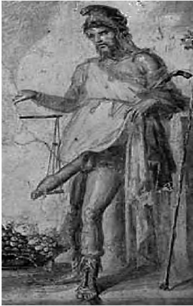
Figura 1. Priapo, el dios de la fecundidad de la mitología clásica, en el vestíbulo de la Casa de los Vitti en Pompeya. Tomado de Clarke 2 .

Vatsyana Mallanaga entre los años 340 y 540 d.C. La sutileza, el detalle y la información acerca de la sexualidad hacen de este escrito el más importante en su género para todas las épocas y culturas. Curiosamente, de entre la mayoría de capítulos dedicados a la sexualidad y descripción de la práctica del sexo y sus variantes (fig. 2), nos encontramos con un libretto adjunto al Kamasutra en el cual se describe al varón según el tamaño del pene, también relacionándolo a su morfología y a la pareja que le corresponde. Éste sería un claro caso en el que el tamaño peneano pasa a segundo lugar y solamente tiene valor según su aspecto externo y su relación directa a la actividad sexual 3 .
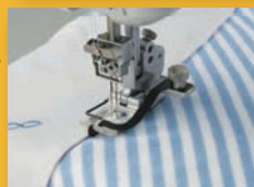
Semelle avec guide de couture centrée
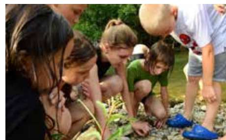
Udeleženci med aktivnostjo

Mentorji Kozjanskega parka vsako leto poskrbijo za bogat nabor aktivnosti, ki je otrokom všeč, hkrati pa je poučen in v marsikom zbudi še dodatno željo po skrbi za naravo. Tudi letošnja prva termina sta bila obarvana s številnimi aktivnostmi, ki so bile mladim v užitek, od njih pa niso odnesli le to, da jim hitreje mine počitniški čas, temveč tudi mnoga nova znanja, ki jim bodo prav prišla tako v šoli kot tudi v življenju nasploh. Med drugim so udeleženci, 48 jih je bilo v prvih dveh terminih, opazovali ptičja čebelarja v peskokopu Župjek na Bizeljskem, spoznavali pester svet metuljev, kobilic in rastlinskega sveta na travnikih na pobočjih Veternika. Mladina je pokazala tudi svoje sposobnosti ročnega dela; izdelali so gnezdilnico za smrdokavro in velikega skovika, zašili lastne torbice, risali skupinske risbe, spoznavali vodne organizme v reki Bistrici in v potoku Gruska. Prav tako so se tudi letos podali na iskanje zaklada, ki je bil tokrat skrit
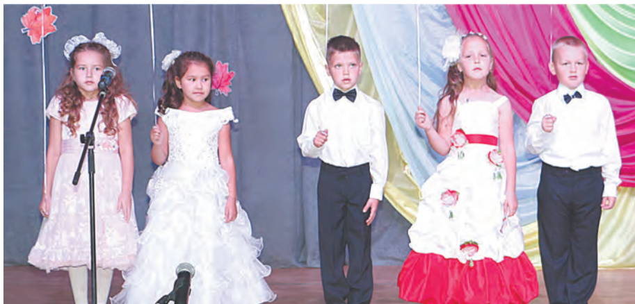
Воспитанники детского сада №2 «Солнышко»

После своего выступления А.Г.Толкачев вместе с начальником управления образования ТГО И.Б.Плотниковой вручили благодарственные письма главы ТГО педагогам образовательных организаций, которые в летнее время продолжали работать с детьми. Под аплодисменты
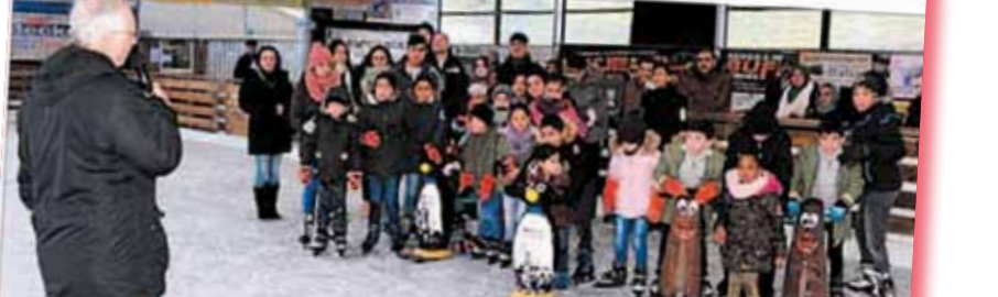
Bad Schwalbach. Wie auch letztes Jahr haben der Sportkreis Rheingau-Taunus mit der Stadt Trebstal und den Maltzer Werken einen Aktionstag für Flüchtlinge organisiert. Nach dem Aktionstag im Januar 2018 ein voller Erfolg war, wollten man sich auch dieses Jahr diesem tollen Start ins neue Jahr nicht nehmen lassen. Ziel war wieder die Eisbahnanlage in Bad Schwalbach, welche für vier Stunden gespart werden konnte und extra zu diesem Anlass reserviert wurde. Insgesamt wurde der Tag zu einem Riesenerfolg – wer sich nicht mit Schlittschuhen auf der Eisfläche befand, konnte sich auf der Eiseckbahn beweisen und
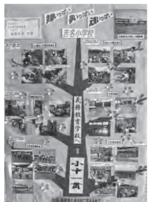
竹原市学校緑化推進事業 最優秀賞 【吉名小学校】

11月5日、市民館で、「原っ子の夢 輝く未来へ 広がる世界へ！」をテーマに、第14回竹原市子ども文化祭が開催されました。 開会に併せて、「竹原市学校緑化推進事業」と「竹ちゃん料理コンテスト」の表彰式が行われました。 表彰式の後には、竹原西幼稚園の園児と市内の小学校4校の児童が、合唱や太鼓を元気いっぱいに発表しました。 子どもたちの夢が、輝く未来へ向かって大きく羽ばたいていったのではないのでしょうか。

**About this exercise**
What is needed is an exact copy of all the entries above, minus the pictures.

**Answer to this problem**
Figura 1. Priapo, el dios de la fecundidad de la mitología clásica, en el vestíbulo de la Casa de los Vitti en Pompeya. Tomado de Clarke 2 .

Vatsyana Mallanaga entre los años 340 y 540 d.C. La sutileza, el detalle y la información acerca de la sexualidad hacen de este escrito el más importante en su género para todas las épocas y culturas. Curiosamente, de entre la mayoría de capítulos dedicados a la sexualidad y descripción de la práctica del sexo y sus variantes (fig. 2), nos encontramos con un libretto adjunto al Kamasutra en el cual se describe al varón según el tamaño del pene, también relacionándolo a su morfología y a la pareja que le corresponde. Éste sería un claro caso en el que el tamaño peneano pasa a segundo lugar y solamente tiene valor según su aspecto externo y su relación directa a la actividad sexual 3 .
Semelle avec guide de couture centrée
Udeleženci med aktivnostjo

Mentorji Kozjanskega parka vsako leto poskrbijo za bogat nabor aktivnosti, ki je otrokom všeč, hkrati pa je poučen in v marsikom zbudi še dodatno željo po skrbi za naravo. Tudi letošnja prva termina sta bila obarvana s številnimi aktivnostmi, ki so bile mladim v užitek, od njih pa niso odnesli le to, da jim hitreje mine počitniški čas, temveč tudi mnoga nova znanja, ki jim bodo prav prišla tako v šoli kot tudi v življenju nasploh. Med drugim so udeleženci, 48 jih je bilo v prvih dveh terminih, opazovali ptičja čebelarja v peskokopu Župjek na Bizeljskem, spoznavali pester svet metuljev, kobilic in rastlinskega sveta na travnikih na pobočjih Veternika. Mladina je pokazala tudi svoje sposobnosti ročnega dela; izdelali so gnezdilnico za smrdokavro in velikega skovika, zašili lastne torbice, risali skupinske risbe, spoznavali vodne organizme v reki Bistrici in v potoku Gruska. Prav tako so se tudi letos podali na iskanje zaklada, ki je bil tokrat skrit
Воспитанники детского сада №2 «Солнышко»

После своего выступления А.Г.Толкачев вместе с начальником управления образования ТГО И.Б.Плотниковой вручили благодарственные письма главы ТГО педагогам образовательных организаций, которые в летнее время продолжали работать с детьми. Под аплодисменты
Bad Schwalbach. Wie auch letztes Jahr haben der Sportkreis Rheingau-Taunus mit der Stadt Trebstal und den Maltzer Werken einen Aktionstag für Flüchtlinge organisiert. Nach dem Aktionstag im Januar 2018 ein voller Erfolg war, wollten man sich auch dieses Jahr diesem tollen Start ins neue Jahr nicht nehmen lassen. Ziel war wieder die Eisbahnanlage in Bad Schwalbach, welche für vier Stunden gespart werden konnte und extra zu diesem Anlass reserviert wurde. Insgesamt wurde der Tag zu einem Riesenerfolg – wer sich nicht mit Schlittschuhen auf der Eisfläche befand, konnte sich auf der Eiseckbahn beweisen und
竹原市学校緑化推進事業 最優秀賞 【吉名小学校】

11月5日、市民館で、「原っ子の夢 輝く未来へ 広がる世界へ！」をテーマに、第14回竹原市子ども文化祭が開催されました。 開会に併せて、「竹原市学校緑化推進事業」と「竹ちゃん料理コンテスト」の表彰式が行われました。 表彰式の後には、竹原西幼稚園の園児と市内の小学校4校の児童が、合唱や太鼓を元気いっぱいに発表しました。 子どもたちの夢が、輝く未来へ向かって大きく羽ばたいていったのではないのでしょうか。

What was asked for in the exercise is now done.